### Aim of the task
Output the full listing below exactly; the images stay out.

### Raw data ###

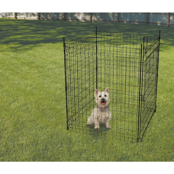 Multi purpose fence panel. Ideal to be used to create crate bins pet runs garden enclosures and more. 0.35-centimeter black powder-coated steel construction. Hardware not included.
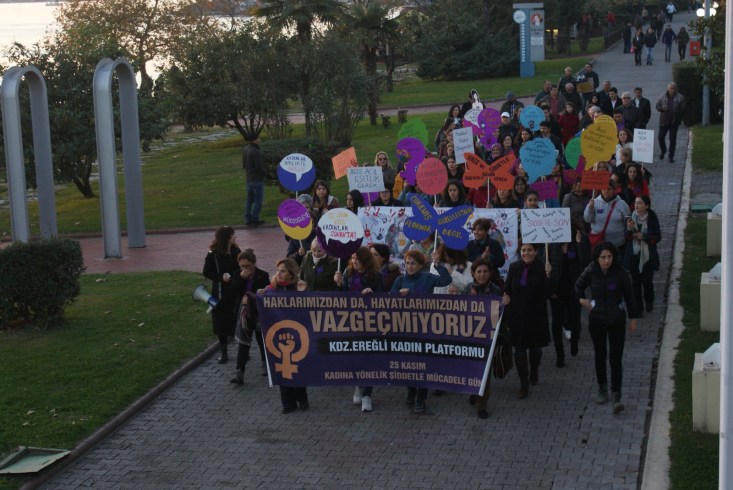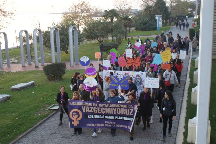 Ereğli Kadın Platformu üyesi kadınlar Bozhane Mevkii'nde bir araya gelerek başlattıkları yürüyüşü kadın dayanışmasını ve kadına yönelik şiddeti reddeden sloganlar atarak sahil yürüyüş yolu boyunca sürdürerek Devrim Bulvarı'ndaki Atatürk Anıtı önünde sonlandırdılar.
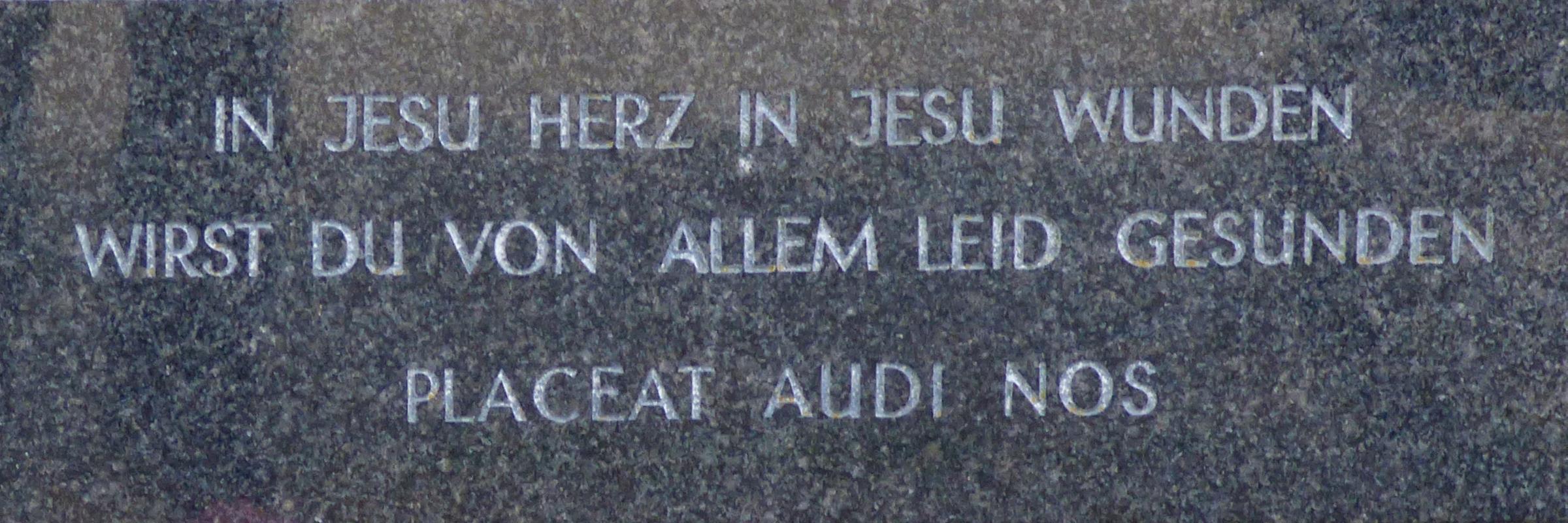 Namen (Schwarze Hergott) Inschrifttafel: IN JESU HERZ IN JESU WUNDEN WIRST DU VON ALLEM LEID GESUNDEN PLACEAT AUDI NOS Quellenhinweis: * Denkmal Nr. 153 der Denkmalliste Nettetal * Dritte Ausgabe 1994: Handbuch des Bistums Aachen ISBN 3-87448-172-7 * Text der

###

### Response for this exercise
 Multi purpose fence panel. Ideal to be used to create crate bins pet runs garden enclosures and more. 0.35-centimeter black powder-coated steel construction. Hardware not included.
 Ereğli Kadın Platformu üyesi kadınlar Bozhane Mevkii'nde bir araya gelerek başlattıkları yürüyüşü kadın dayanışmasını ve kadına yönelik şiddeti reddeden sloganlar atarak sahil yürüyüş yolu boyunca sürdürerek Devrim Bulvarı'ndaki Atatürk Anıtı önünde sonlandırdılar.
 Namen (Schwarze Hergott) Inschrifttafel: IN JESU HERZ IN JESU WUNDEN WIRST DU VON ALLEM LEID GESUNDEN PLACEAT AUDI NOS Quellenhinweis: * Denkmal Nr. 153 der Denkmalliste Nettetal * Dritte Ausgabe 1994: Handbuch des Bistums Aachen ISBN 3-87448-172-7 * Text der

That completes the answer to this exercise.